Simpson was forced to endure another six years in the political wilderness where she waited out the time. It was a difficult period that would take every ounce of resilience she had. The PNP was changing out of its Democratic Socialist clothing and into a new free enterprise garb. The transformation was painful and some fell away.
By 1989, the country was again clamouring for the PNP and Michael Manley. It was the dawn of the decade of the 90s and already it was becoming clear that it could not be business as usual, whether in politics or business. When Manley’s office called after the February elections, it was a more sanguine Portia Simpson who picked up the phone.
Manley said he was happy with her performance between 1976 and 1980 and her resoluteness through the barren years out of Parliament from 1980 to 1989. He asked her to go back to the Ministry of Labour, Social Security and Sport. That was what she was hoping for.

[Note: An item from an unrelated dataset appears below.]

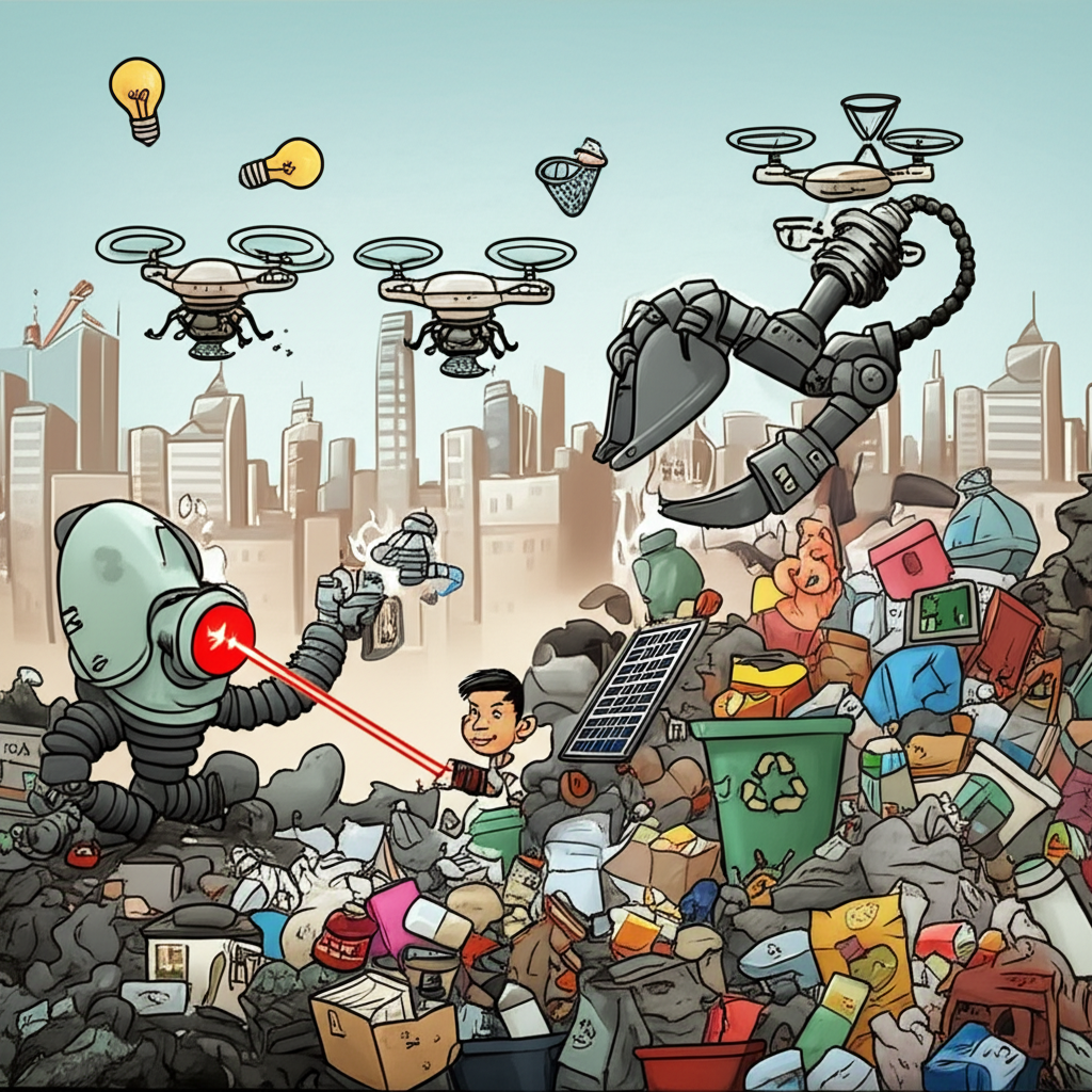 2. Kecerdasan Buatan (AI) dan Big Data: AI menganalisis data besar dari berbagai sumber—mulai dari sensor tempat sampah, pola konsumsi masyarakat, hingga kondisi lalu lintas—untuk memprediksi pola timbulan sampah, mengidentifikasi jenis limbah dominan, dan menyusun strategi pengelolaan yang lebih cerdas. AI juga dapat digunakan dalam fasilitas daur ulang otomatis untuk menyortir material dengan kecepatan dan akurasi tinggi.

Between 1989 and 1992, she worked her portfolios hard. But it was a sad time, too, because her boss, Manley, had grown increasingly ill. It came as no surprise when he announced he was stepping down and handing over the reins as prime minister and party president. Party elections would be held to find the next leader.
What came as an even bigger surprise was when Portia Simpson threw her hat in the ring to face none other than the mighty P J Patterson! The question even admirers asked was ‘has Portia knocked her head? What has she been drinking?’

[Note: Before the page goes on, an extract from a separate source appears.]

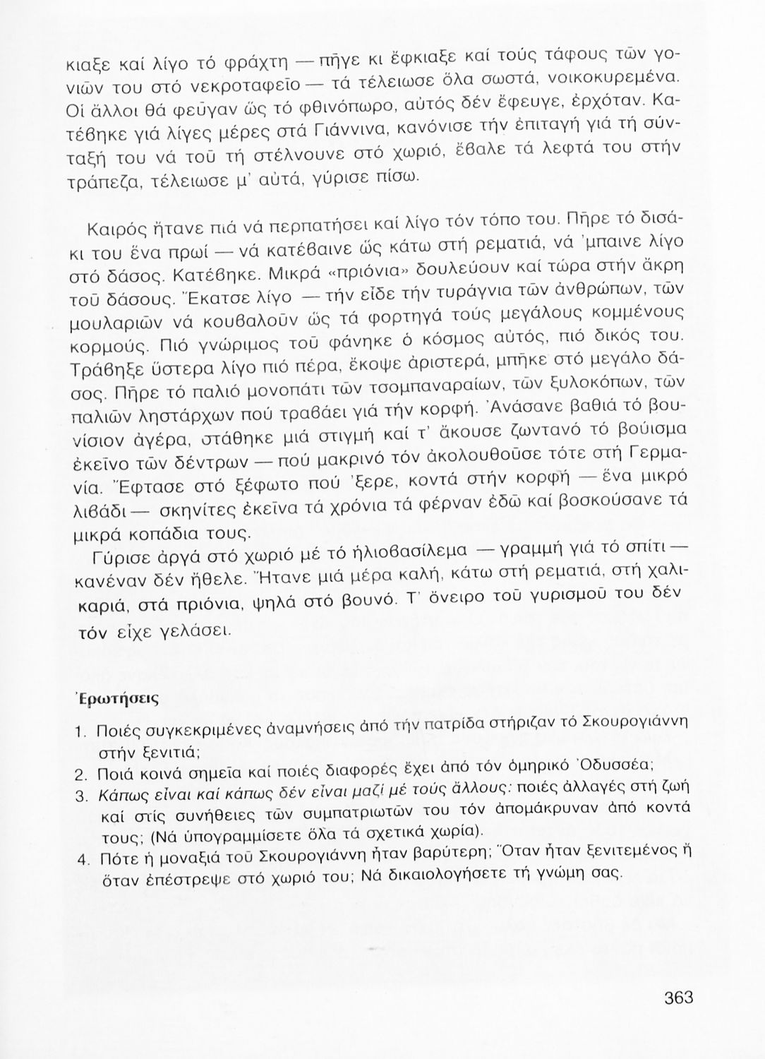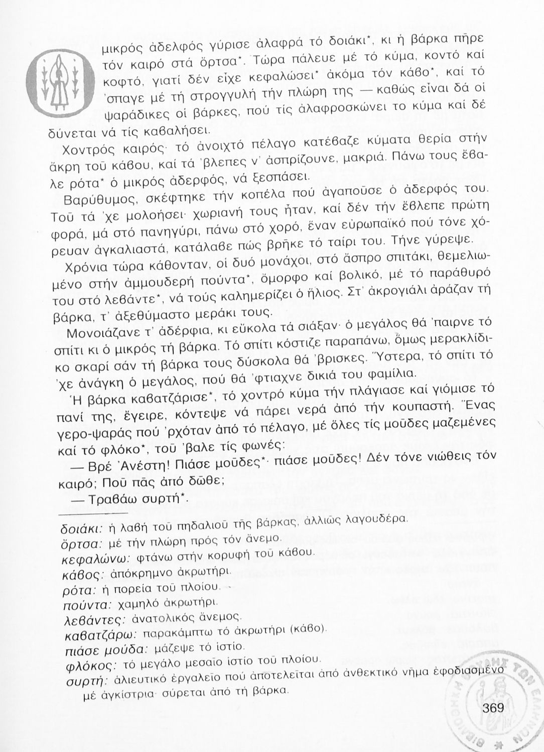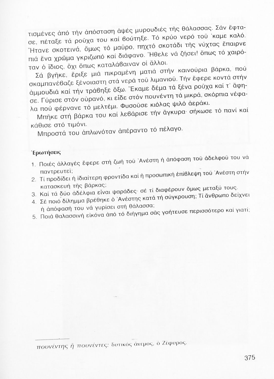 Σχολικό εγχειρίδιο Νέων Ελληνικών Α΄ Γυμνασίου που περιλαμβάνει δοκίμια, πεζά και ποιήματα Ελλήνων συγγραφέων και δημοτικά τραγούδια εμπνευσμένα από τη θρησκευτική, εθνική και κοινωνική ζωή, τη "δοκιμασία της ...

The roller coaster ride was only now about to begin.
SUNDAY: What made Portia Simpson decide to take on P J PattersonErrata– The author
In the second instalment of Portia Simpson-Miller – the 40th anniversary interview published on Friday, February 7, 2014, Simpson Miller was erroneously located in certain events of the 1970s. She was appointed minister of labour, social security and sports in 1989 and not 1976. The events related to that appointment therefore unfolded after 1989. After the 1976 elections, she was appointed parliamentary secretary in the Office of the Prime Minister in 1977. Also, Simpson-Miller’s parents did not operate a shop as the piece said. The errors are sorely regretted.